WASHINGTON (DPA).- Brasil y el Fondo Monetario Internacional (FMI) firmaron ayer un acuerdo para llevar adelante programas piloto para evaluar el impacto que tendría en el resultado fiscal cambiar la forma en que se miden las inversiones en infraestructura en el presupuesto.

El ministro de Finanzas de Brasil, Antonio Palocci, informó durante una conferencia de prensa aquí que Brasil se ofreció para ser uno de los países en los cuales el FMI llevará adelante estos programas piloto. Estos estudiarán el impacto que tendría modificar la contabilidad de las inversiones de recursos fiscales en infraestructura, una idea que fue propuesta por la Argentina y Brasil semanas atrás, a través del Pacto de Copacabana.

Los presidentes de la Argentina, Néstor Kirchner, y de Brasil, Luiz Inacio Lula da Silva, impulsan que el FMI modifique la manera en que evalúa las inversiones en infraestructura en el presupuesto del país y su influencia en el déficit fiscal.

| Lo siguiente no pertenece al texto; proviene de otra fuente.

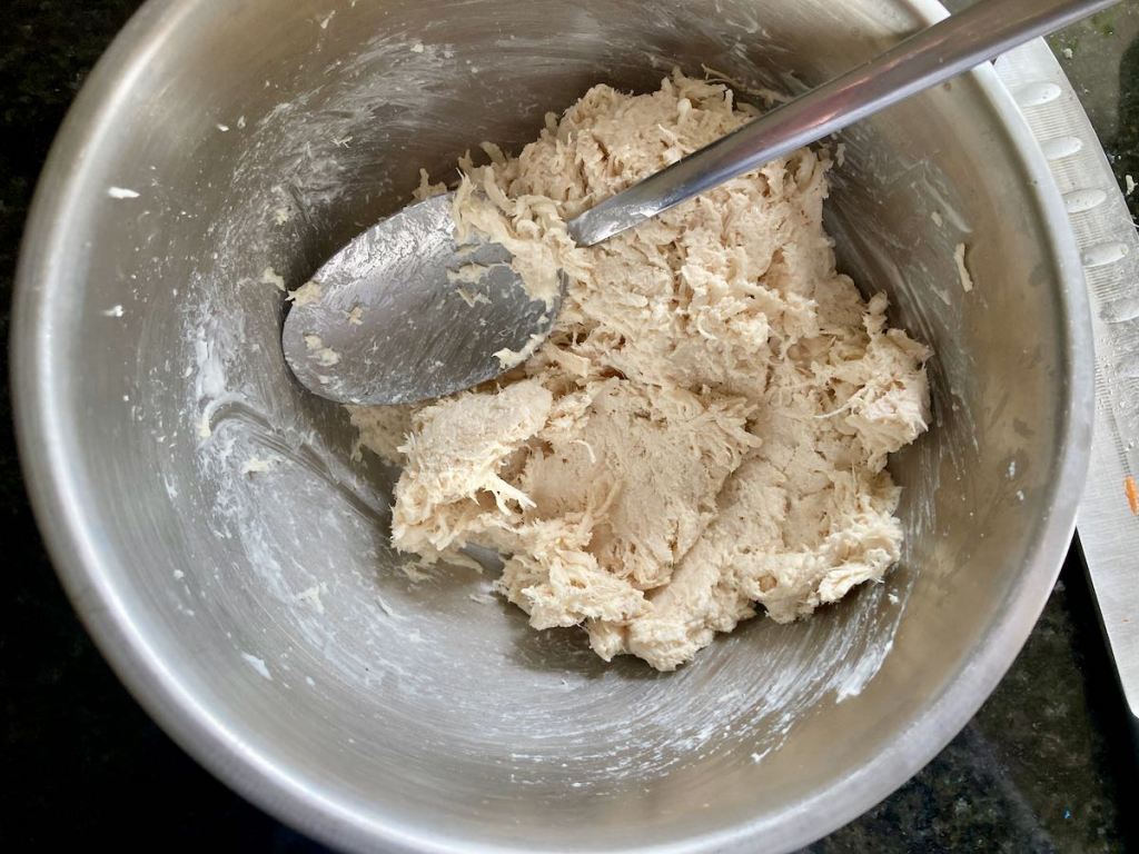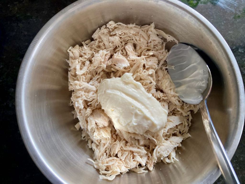 - Mix the chicken, chicken seasoning and mayo in a bowl to form a thick paste.

El argumento de esta propuesta, contenida en aquel acuerdo bilateral, fue la necesidad de mantener una política fiscal prudente que deje espacio en el presupuesto para liberar recursos que se destinen a inversiones en infraestructura, necesarias para posibilitar el crecimiento económico.

Apoyo en el directorio

La directora gerente interina del FMI, Anne Krueger, informó que la propuesta de llevar adelante programas piloto en varios países de diferentes regiones fue apoyada por "la mayoría de los directores" del organismo, que además coincidieron en la evaluación de que ciertos proyectos de infraestructura estimulan el crecimiento. "Estos estudios piloto deben concentrarse en particular en modificar la convergencia de los indicadores fiscales, y en evaluar las implicancias fiscales de las sociedades público-privadas", explicó Krueger.

Sin embargo, los directores del FMI enfatizaron que no debe olvidarse que estas modificaciones tengan lugar manteniendo la estabilidad macroeconómica y la sustentabilidad de la deuda; es decir, que garanticen que los países sigan siendo capaces de cumplir con sus obligaciones en el pago de los intereses.

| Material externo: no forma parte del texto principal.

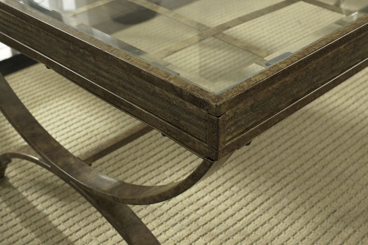 - Constructed of metal bases with hour glass legs, cross stretchers, decorative aprons and metal grid work under tempered glass tops

"A la luz de estas consideraciones, enfatizaron que la preocupación primaria del análisis fiscal y de los consejos sobre las políticas públicas debe seguir siendo el balance fiscal total y la deuda pública bruta", dijo Krueger. "Sin embargo, en reconocimiento a que los préstamos tomados para poder realizar inversión pública pueden contribuir al crecimiento, (los directores) recomendaron que se le dé más importancia a salvaguardar la inversión pública, especialmente en infraestructura", agregó.

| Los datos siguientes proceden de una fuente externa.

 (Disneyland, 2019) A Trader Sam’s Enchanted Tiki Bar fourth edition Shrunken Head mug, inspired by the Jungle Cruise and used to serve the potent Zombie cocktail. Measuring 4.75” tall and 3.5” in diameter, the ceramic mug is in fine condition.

El directorio consideró la idea, sugerida por los especialistas del FMI que hicieron el informe primario sobre el tema, que sugiere prestar "apropiada atención" al balance fiscal corriente, que excluye el gasto de capital y los ingresos, a manera de indicador fiscal suplementario.

El directorio ejecutivo enfatizó que las decisiones sobre estos temas deben ser adoptadas por el gobierno de cada país, y que "recortes en impuestos distorsivos o un aumento en programas sociales eficientes y gasto en capital humano pueden merecer tanta o más prioridad en la política fiscal que la inversión en infraestructura".